# Exercise prompt:
Each of the entries should be retyped precisely as it appears.

# Records for this task:
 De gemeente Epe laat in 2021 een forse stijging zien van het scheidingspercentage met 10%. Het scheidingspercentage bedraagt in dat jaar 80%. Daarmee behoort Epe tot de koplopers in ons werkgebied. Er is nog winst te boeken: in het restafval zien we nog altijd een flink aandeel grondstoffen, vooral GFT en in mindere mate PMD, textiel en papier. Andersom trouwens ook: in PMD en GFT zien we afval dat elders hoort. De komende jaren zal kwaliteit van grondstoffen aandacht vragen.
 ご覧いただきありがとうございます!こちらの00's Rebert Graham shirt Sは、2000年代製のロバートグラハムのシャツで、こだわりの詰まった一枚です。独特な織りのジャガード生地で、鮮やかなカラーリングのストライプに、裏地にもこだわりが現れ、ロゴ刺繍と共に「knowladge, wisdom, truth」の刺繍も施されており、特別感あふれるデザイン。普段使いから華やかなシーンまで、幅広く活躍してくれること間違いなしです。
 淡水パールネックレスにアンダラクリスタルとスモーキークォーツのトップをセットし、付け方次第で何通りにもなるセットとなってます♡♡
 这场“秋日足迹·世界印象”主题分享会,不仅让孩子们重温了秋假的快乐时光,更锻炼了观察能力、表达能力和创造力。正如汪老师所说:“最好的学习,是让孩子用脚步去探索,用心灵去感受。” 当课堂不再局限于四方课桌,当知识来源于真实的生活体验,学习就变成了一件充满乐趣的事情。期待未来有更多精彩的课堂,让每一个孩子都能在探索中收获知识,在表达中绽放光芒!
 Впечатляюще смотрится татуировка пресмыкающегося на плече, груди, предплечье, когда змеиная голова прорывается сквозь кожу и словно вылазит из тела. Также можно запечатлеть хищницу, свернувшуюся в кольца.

# Final answer:
 De gemeente Epe laat in 2021 een forse stijging zien van het scheidingspercentage met 10%. Het scheidingspercentage bedraagt in dat jaar 80%. Daarmee behoort Epe tot de koplopers in ons werkgebied. Er is nog winst te boeken: in het restafval zien we nog altijd een flink aandeel grondstoffen, vooral GFT en in mindere mate PMD, textiel en papier. Andersom trouwens ook: in PMD en GFT zien we afval dat elders hoort. De komende jaren zal kwaliteit van grondstoffen aandacht vragen.
 ご覧いただきありがとうございます!こちらの00's Rebert Graham shirt Sは、2000年代製のロバートグラハムのシャツで、こだわりの詰まった一枚です。独特な織りのジャガード生地で、鮮やかなカラーリングのストライプに、裏地にもこだわりが現れ、ロゴ刺繍と共に「knowladge, wisdom, truth」の刺繍も施されており、特別感あふれるデザイン。普段使いから華やかなシーンまで、幅広く活躍してくれること間違いなしです。
 淡水パールネックレスにアンダラクリスタルとスモーキークォーツのトップをセットし、付け方次第で何通りにもなるセットとなってます♡♡
 这场“秋日足迹·世界印象”主题分享会,不仅让孩子们重温了秋假的快乐时光,更锻炼了观察能力、表达能力和创造力。正如汪老师所说:“最好的学习,是让孩子用脚步去探索,用心灵去感受。” 当课堂不再局限于四方课桌,当知识来源于真实的生活体验,学习就变成了一件充满乐趣的事情。期待未来有更多精彩的课堂,让每一个孩子都能在探索中收获知识,在表达中绽放光芒!
 Впечатляюще смотрится татуировка пресмыкающегося на плече, груди, предплечье, когда змеиная голова прорывается сквозь кожу и словно вылазит из тела. Также можно запечатлеть хищницу, свернувшуюся в кольца.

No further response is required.